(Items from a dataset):

----------

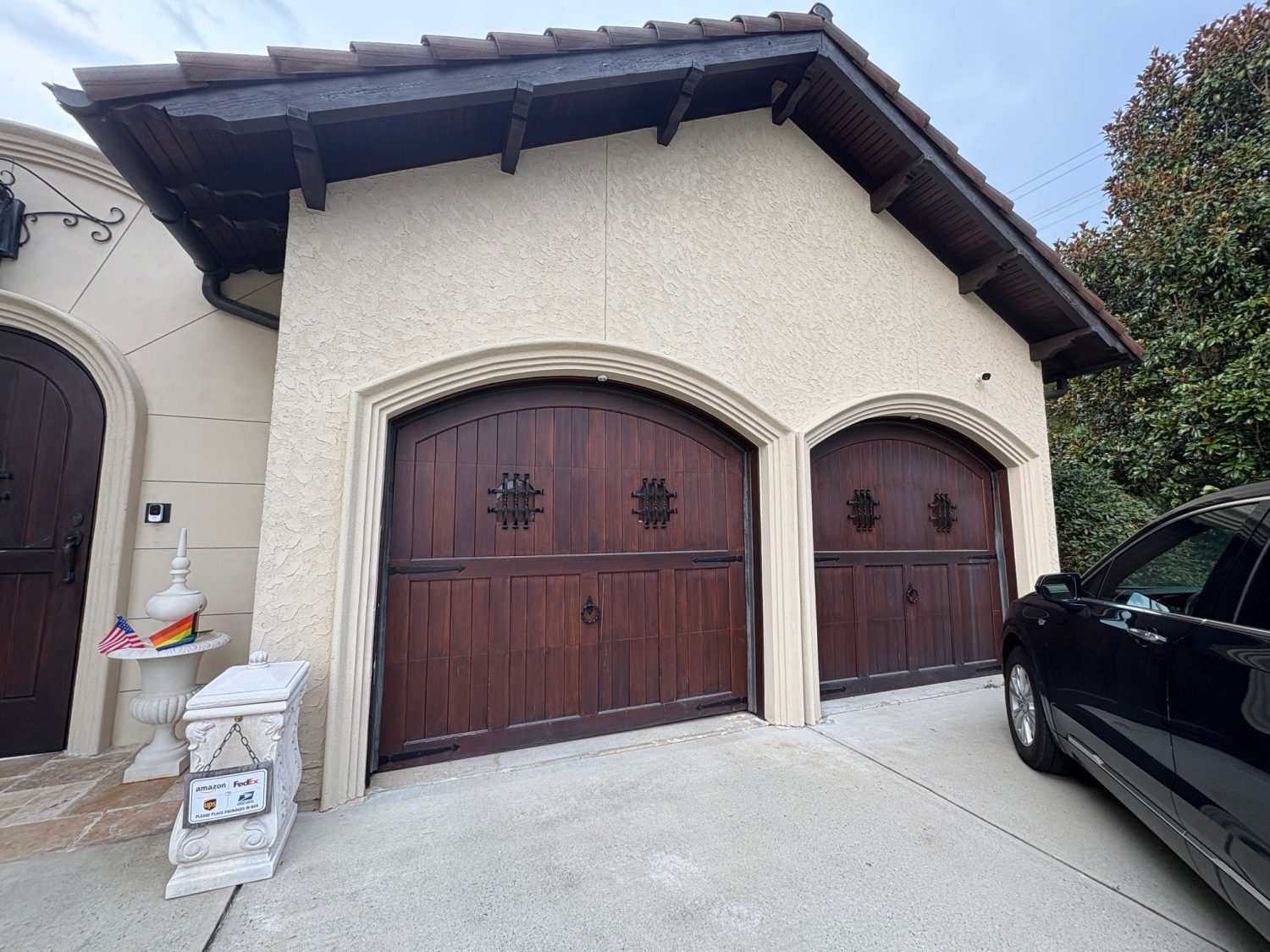 Project: In late Summer of 2025, CertaPro Painters® of South Charlotte, NC was hired to refresh the exterior doors and soffits of a nearby stucco home in Charlotte, NC. The wood surfaces were previously stained but had become weathered over time, with minor damage and uneven, faded color in some areas. The owner wanted to restain the garage doors and soffits, while also repainting the front door a rich red color.
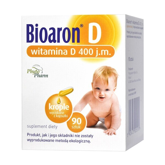 Bioaron D, 400 j.m., witamina D, krople wyciskane z kapsułki, 90 szt.
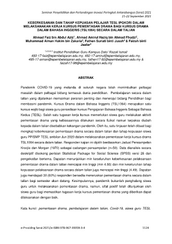 Kata kunci: pementasan drama, pembelajaran dalam talian, Covid-19, siswa guru TESL
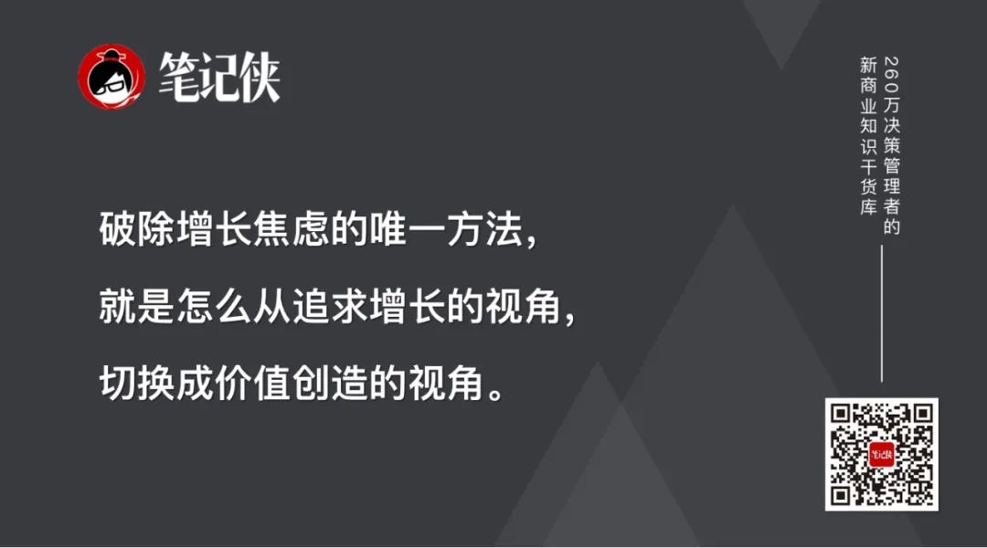 李靖(李叫獸)在《越想增長(zhǎng),越難增長(zhǎng)》一文中總結(jié):破除增長(zhǎng)焦慮的唯一方法,就是怎么從追求增長(zhǎng)的視角,切換成價(jià)值創(chuàng)造的視角。
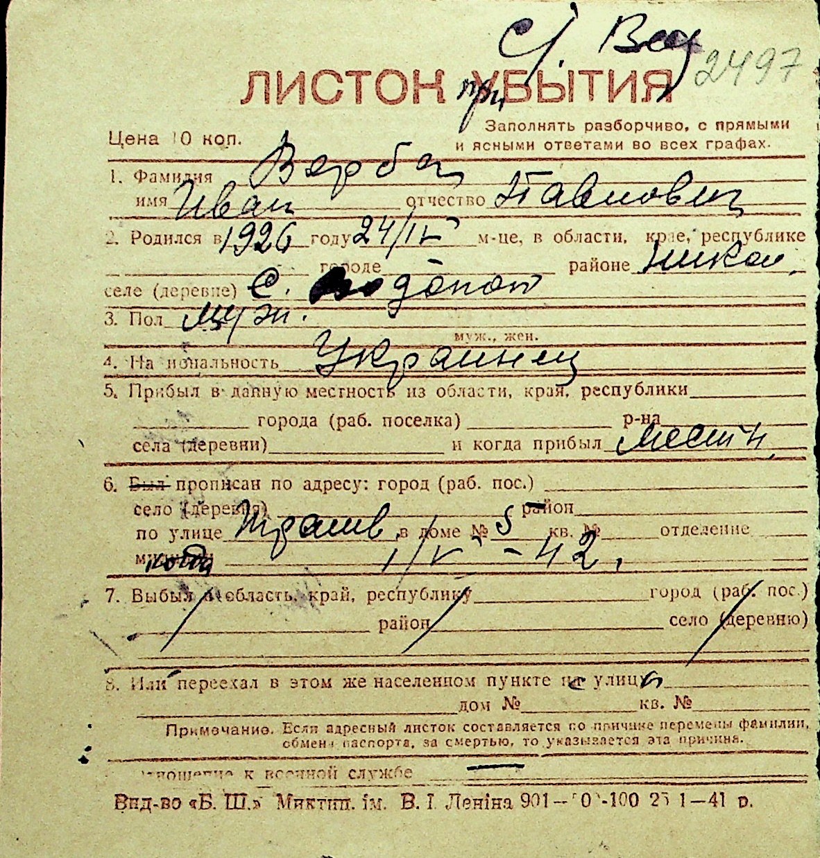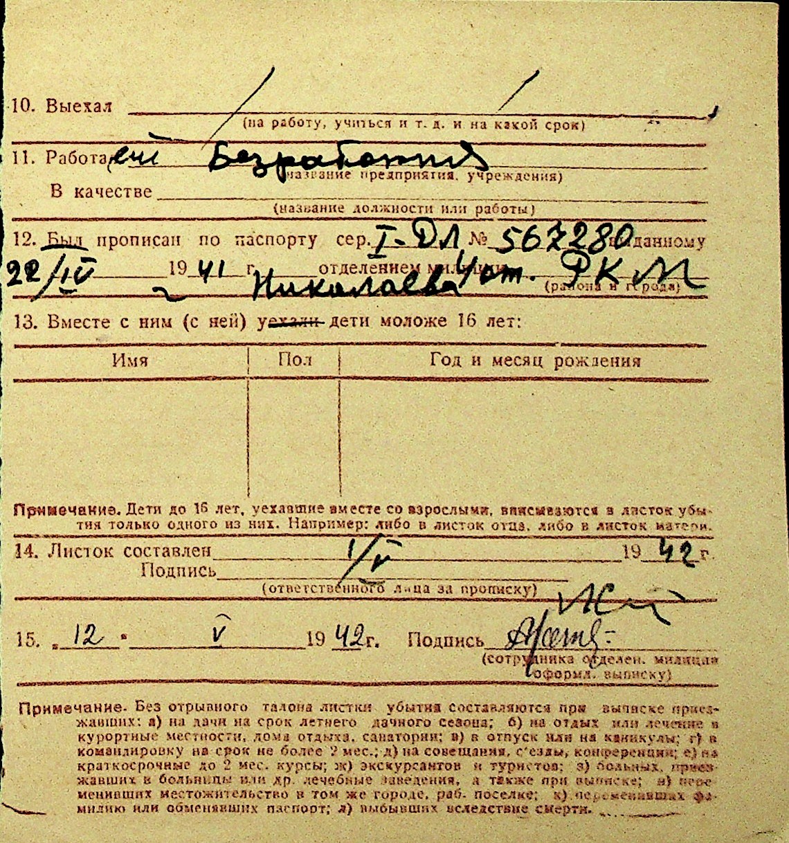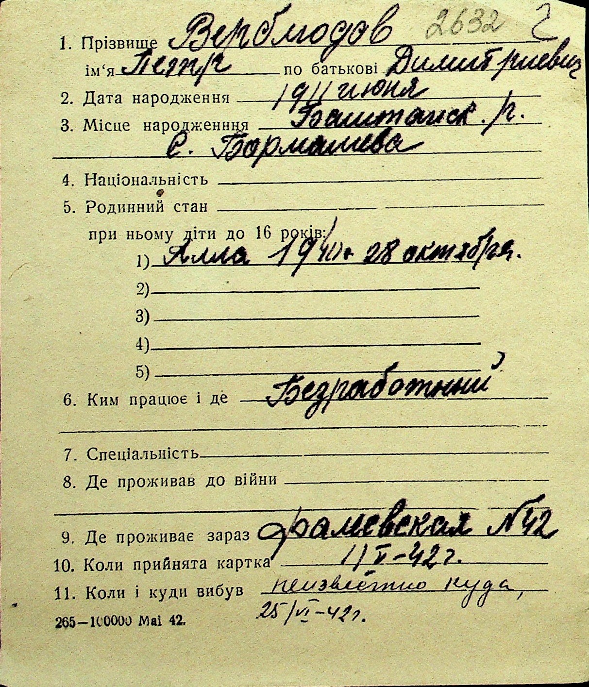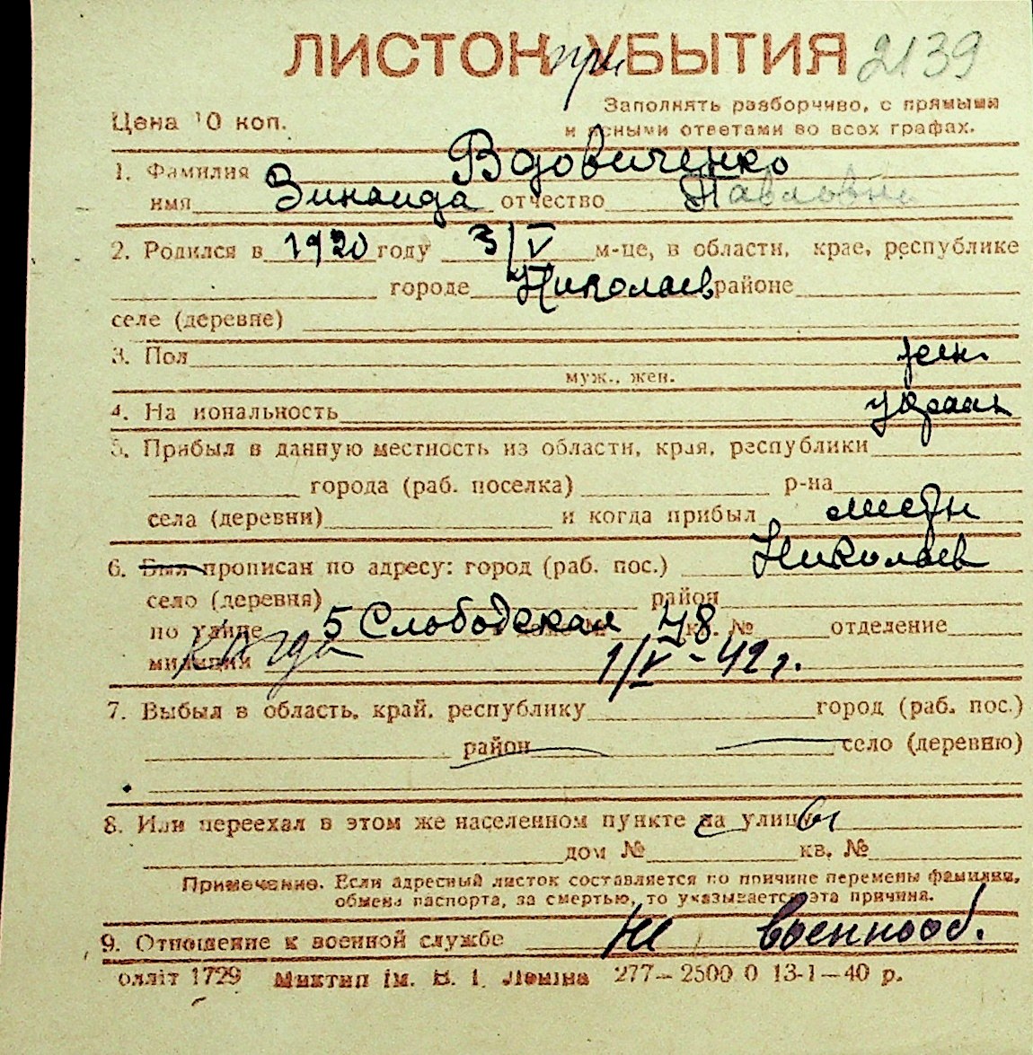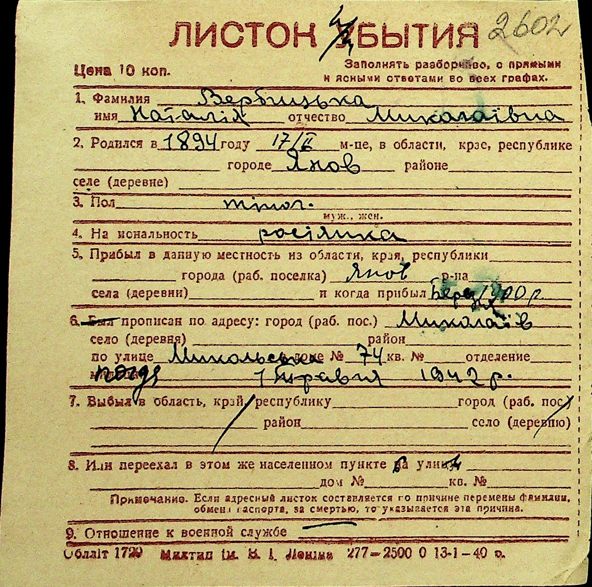 • • Перелік карток до фонду № Н-1016
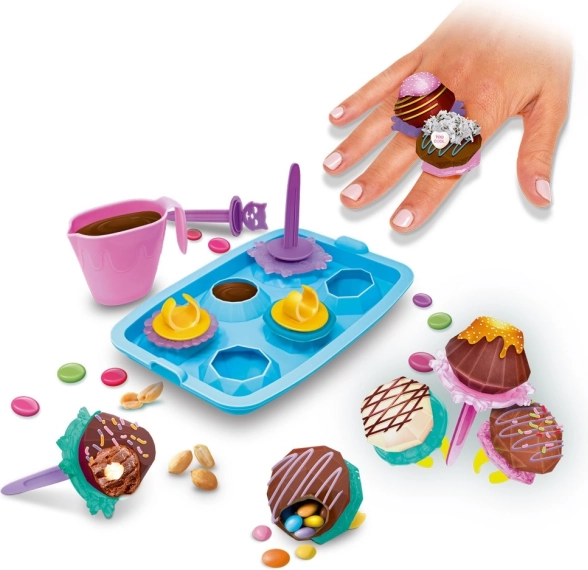 Vytvorte si vlastné jedlé šperky s kreatívnou sadou KUK FUN! S touto zábavnou sadou ľahko vyrobíte čokoládové prstienky a čokoládky na špajli – stačí roztopiť čokoládu, naliať ju do formy, pridať obľúbené posýpky a nechať stuhnúť v chladničke. Skvelá rodinná aktivita, ktorá podporuje kreativitu a jemnú motoriku. (Potraviny nie sú súčasťou balenia.)
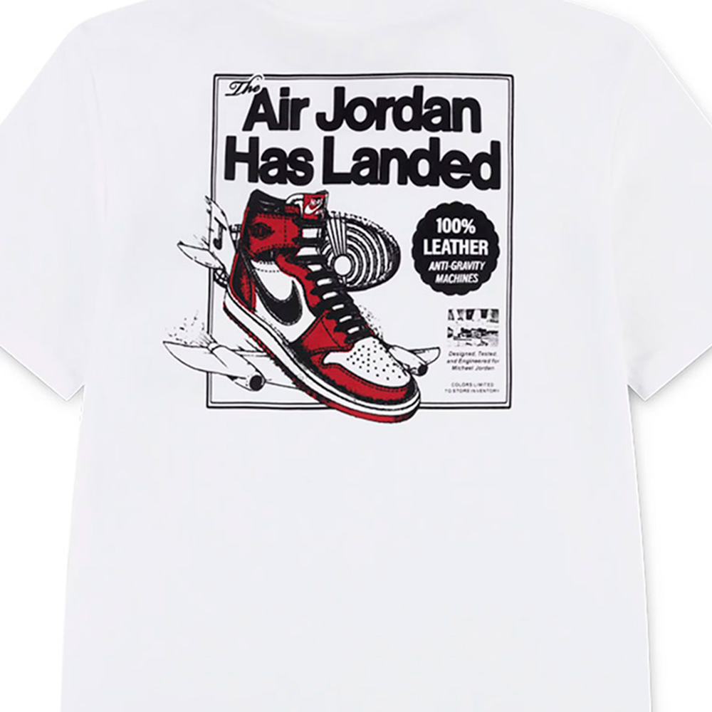 Camiseta Junior Jordan Has Landed White. Nos remontamos al lanzamiento original de las AJ1 con una camiseta de algodón suave de densidad media que rinde homenaje a las zapatillas que apodamos "máquinas antigravedad".

----------

Each line above should be returned exactly as it stands, minus any pictures.

 Project: In late Summer of 2025, CertaPro Painters® of South Charlotte, NC was hired to refresh the exterior doors and soffits of a nearby stucco home in Charlotte, NC. The wood surfaces were previously stained but had become weathered over time, with minor damage and uneven, faded color in some areas. The owner wanted to restain the garage doors and soffits, while also repainting the front door a rich red color.
 Bioaron D, 400 j.m., witamina D, krople wyciskane z kapsułki, 90 szt.
 Kata kunci: pementasan drama, pembelajaran dalam talian, Covid-19, siswa guru TESL
 李靖(李叫獸)在《越想增長(zhǎng),越難增長(zhǎng)》一文中總結(jié):破除增長(zhǎng)焦慮的唯一方法,就是怎么從追求增長(zhǎng)的視角,切換成價(jià)值創(chuàng)造的視角。
 • • Перелік карток до фонду № Н-1016
 Vytvorte si vlastné jedlé šperky s kreatívnou sadou KUK FUN! S touto zábavnou sadou ľahko vyrobíte čokoládové prstienky a čokoládky na špajli – stačí roztopiť čokoládu, naliať ju do formy, pridať obľúbené posýpky a nechať stuhnúť v chladničke. Skvelá rodinná aktivita, ktorá podporuje kreativitu a jemnú motoriku. (Potraviny nie sú súčasťou balenia.)
 Camiseta Junior Jordan Has Landed White. Nos remontamos al lanzamiento original de las AJ1 con una camiseta de algodón suave de densidad media que rinde homenaje a las zapatillas que apodamos "máquinas antigravedad".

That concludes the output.